Problem to work on - Print back each record unchanged, without pictures.

BEGIN Task material

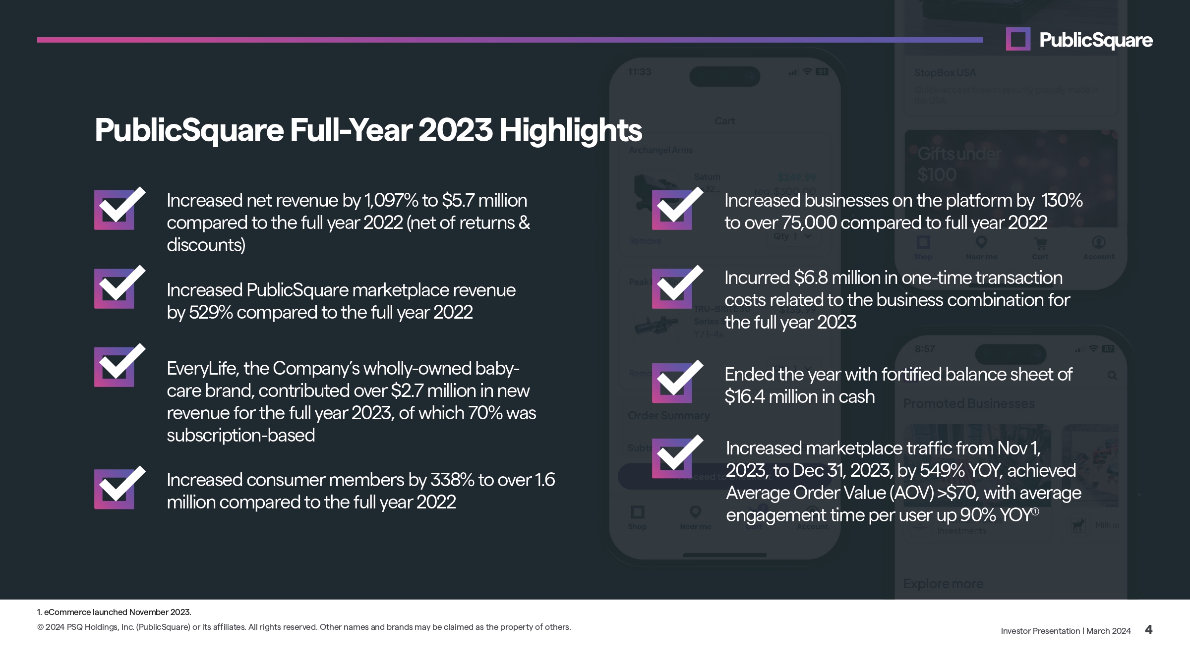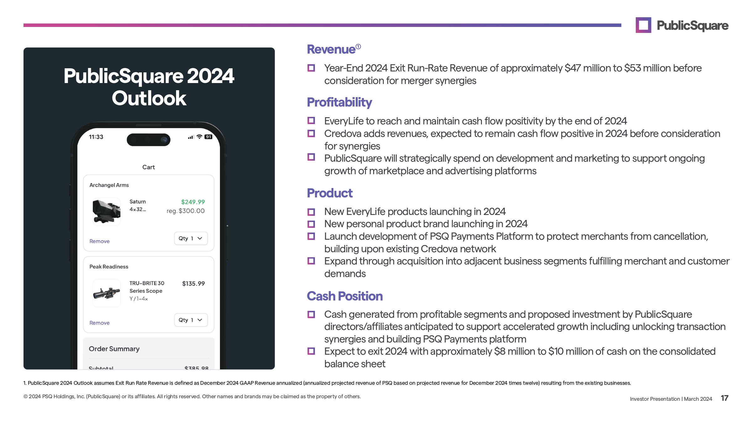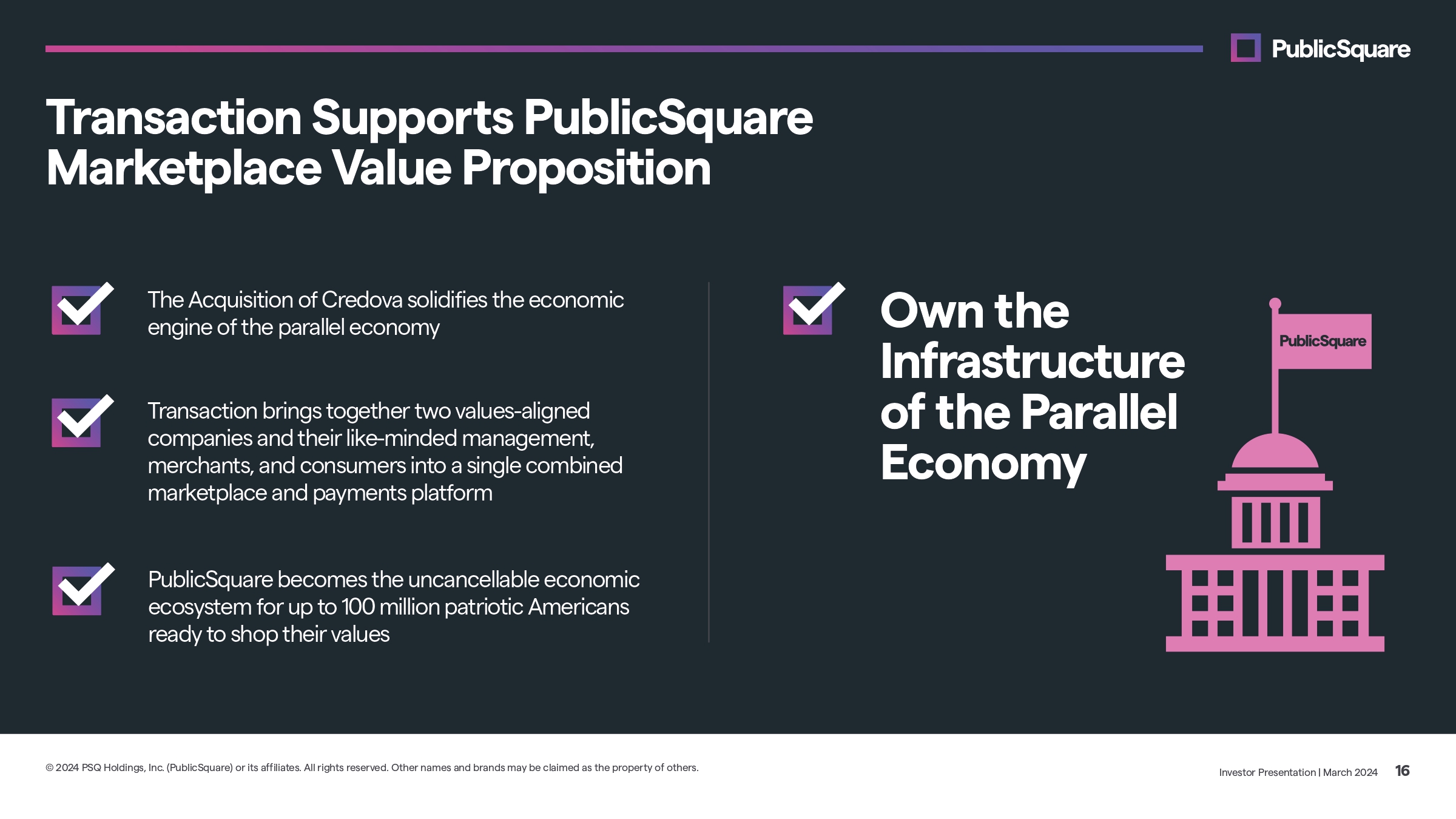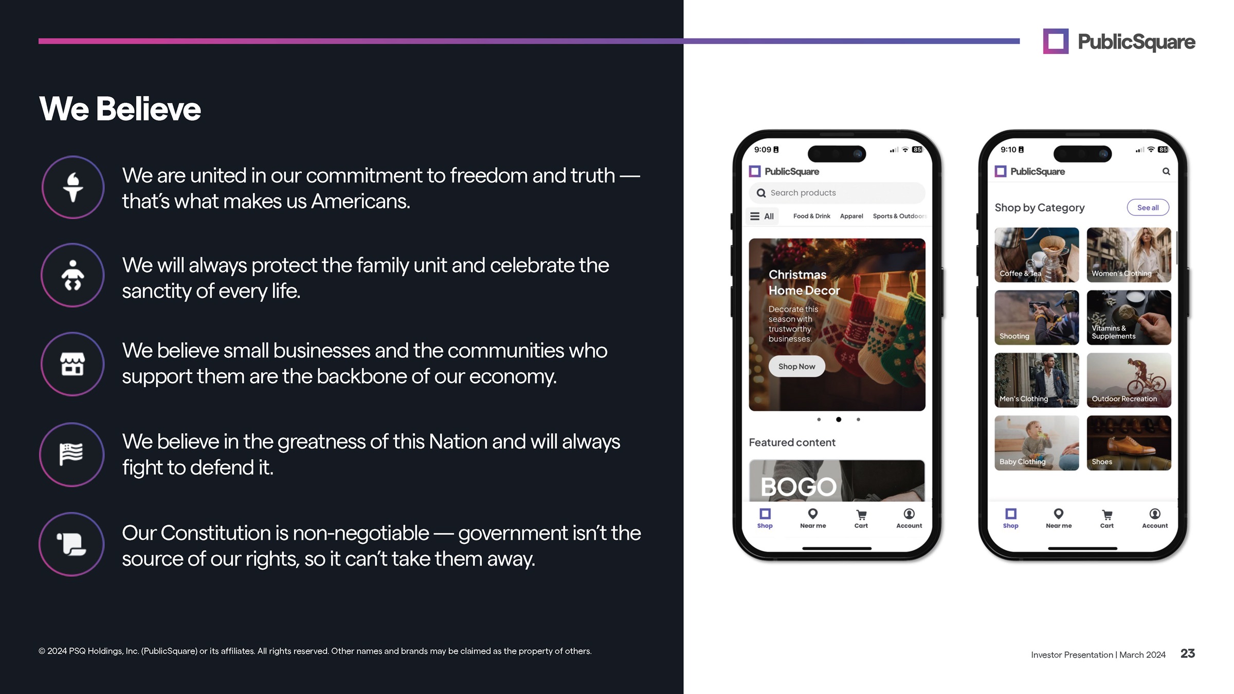 We Believe We are united in our commitment to freedom and truth — that’s what makes us Americans. We will always protect the family unit and celebrate the sanctity of every life. We believe small businesses and the communities who support them are the backbone of our economy. We believe in the greatness of this Nation and will always fight to defend it. Our Constitution is non - negotiable — government isn’t the source of our rights, so it can’t take them away. Investor Presentation | March 2024 23 © 2024 PSQ Holdings, Inc. (PublicSquare) or its affiliates. All rights reserved. Other names and brands may be claimed as the property of others.
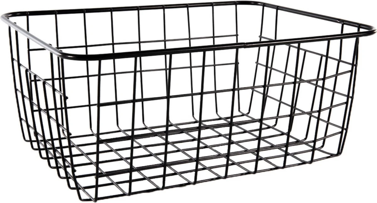 Set van 2x stuks industriele zwarte opbergmanden/draadmanden 18 x 24 x 10 cm. Multifunctionele rechthoekige mand, welke u kunt gebruiken in elke ruimte van het huis! U kunt er ondergoed en sokken in bewaren, speelgoed in bewaren of neerzetten ter decoratie met leuke accessoires er in. Ook ideaal voor gebruik in de voorraadkast. Met 2 geintegreerde handvaten.
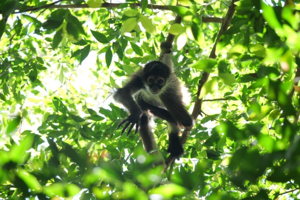 Nous pénétrons ensuite au cœur de la jungle pour une marche guidée par un guide francophone certifié à la recherche des singes araignées et hurleurs. Le long des sentiers, nous prendrons aussi le temps d’observer les nombreux détails de la nature qui nous entoure : fleurs, arbres, bruissements, empreintes…
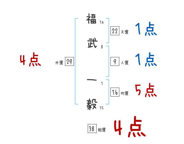 天運![]() | 福武一毅さんの天運は22画の1つ星!努力することが苦手ないっぽう手先が器用。芸術性にも優れる。 家系が持つ宿命的な運勢を表します。祖先から受け継いだ苗字ですので自分の力が及びません。家柄を象徴します。 |
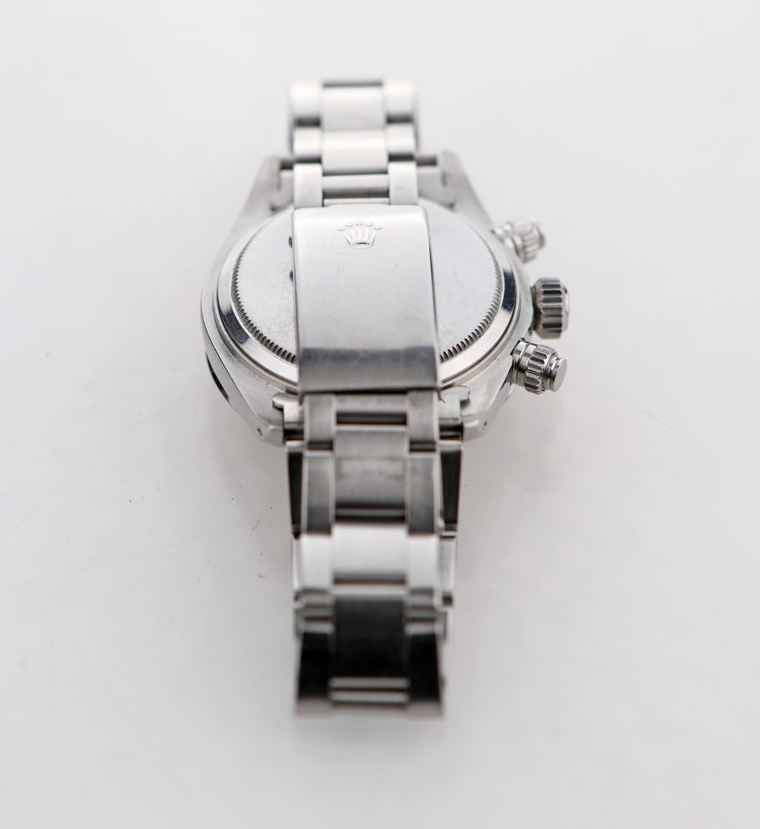 Ref. 6265, cassa in acciaio mm 39, bracciale Oyster ref. 78350 con finali 571, quadrante "Big Red". Movimento meccanico a carica manuale con cronografo, calibro 727.
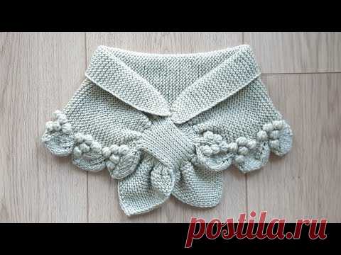 На изображении представлен связанный крючком или спицами женский вязаный палантин серого цвета с украшениями в виде вязаных цветов. Изделие лежит на светлом деревянном полу.
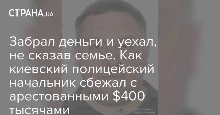 Забрал деньги и уехал, не сказав семье. Как киевский полицейский начальник сбежал с арестованными $400 тысячами
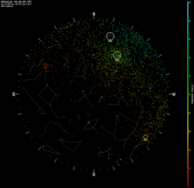 Die Andromediden (AND) scheinen dieses Jahr recht aktiv zu sein. Zumindest im Radar (CMOR) waren sie in den beiden vergangenen Nächten (Sl 237°+238°) auffällig. Dass auch visuell etwas zu sehen sein dürfte, geht einerseits aus einer Feuerkugelaufzeichnung durch das NASA-Feuerkugelnetz hervor (20211119 07-37-18 UTC), zum anderen könnte die "kleine Feuerkugel" vom 18.11. 23:45 UT auch ein AND gewesen sein.

END Task material

Result -
 We Believe We are united in our commitment to freedom and truth — that’s what makes us Americans. We will always protect the family unit and celebrate the sanctity of every life. We believe small businesses and the communities who support them are the backbone of our economy. We believe in the greatness of this Nation and will always fight to defend it. Our Constitution is non - negotiable — government isn’t the source of our rights, so it can’t take them away. Investor Presentation | March 2024 23 © 2024 PSQ Holdings, Inc. (PublicSquare) or its affiliates. All rights reserved. Other names and brands may be claimed as the property of others.
 Set van 2x stuks industriele zwarte opbergmanden/draadmanden 18 x 24 x 10 cm. Multifunctionele rechthoekige mand, welke u kunt gebruiken in elke ruimte van het huis! U kunt er ondergoed en sokken in bewaren, speelgoed in bewaren of neerzetten ter decoratie met leuke accessoires er in. Ook ideaal voor gebruik in de voorraadkast. Met 2 geintegreerde handvaten.
 Nous pénétrons ensuite au cœur de la jungle pour une marche guidée par un guide francophone certifié à la recherche des singes araignées et hurleurs. Le long des sentiers, nous prendrons aussi le temps d’observer les nombreux détails de la nature qui nous entoure : fleurs, arbres, bruissements, empreintes…
 天運![]() | 福武一毅さんの天運は22画の1つ星!努力することが苦手ないっぽう手先が器用。芸術性にも優れる。 家系が持つ宿命的な運勢を表します。祖先から受け継いだ苗字ですので自分の力が及びません。家柄を象徴します。 |
 Ref. 6265, cassa in acciaio mm 39, bracciale Oyster ref. 78350 con finali 571, quadrante "Big Red". Movimento meccanico a carica manuale con cronografo, calibro 727.
 На изображении представлен связанный крючком или спицами женский вязаный палантин серого цвета с украшениями в виде вязаных цветов. Изделие лежит на светлом деревянном полу.
 Забрал деньги и уехал, не сказав семье. Как киевский полицейский начальник сбежал с арестованными $400 тысячами
 Die Andromediden (AND) scheinen dieses Jahr recht aktiv zu sein. Zumindest im Radar (CMOR) waren sie in den beiden vergangenen Nächten (Sl 237°+238°) auffällig. Dass auch visuell etwas zu sehen sein dürfte, geht einerseits aus einer Feuerkugelaufzeichnung durch das NASA-Feuerkugelnetz hervor (20211119 07-37-18 UTC), zum anderen könnte die "kleine Feuerkugel" vom 18.11. 23:45 UT auch ein AND gewesen sein.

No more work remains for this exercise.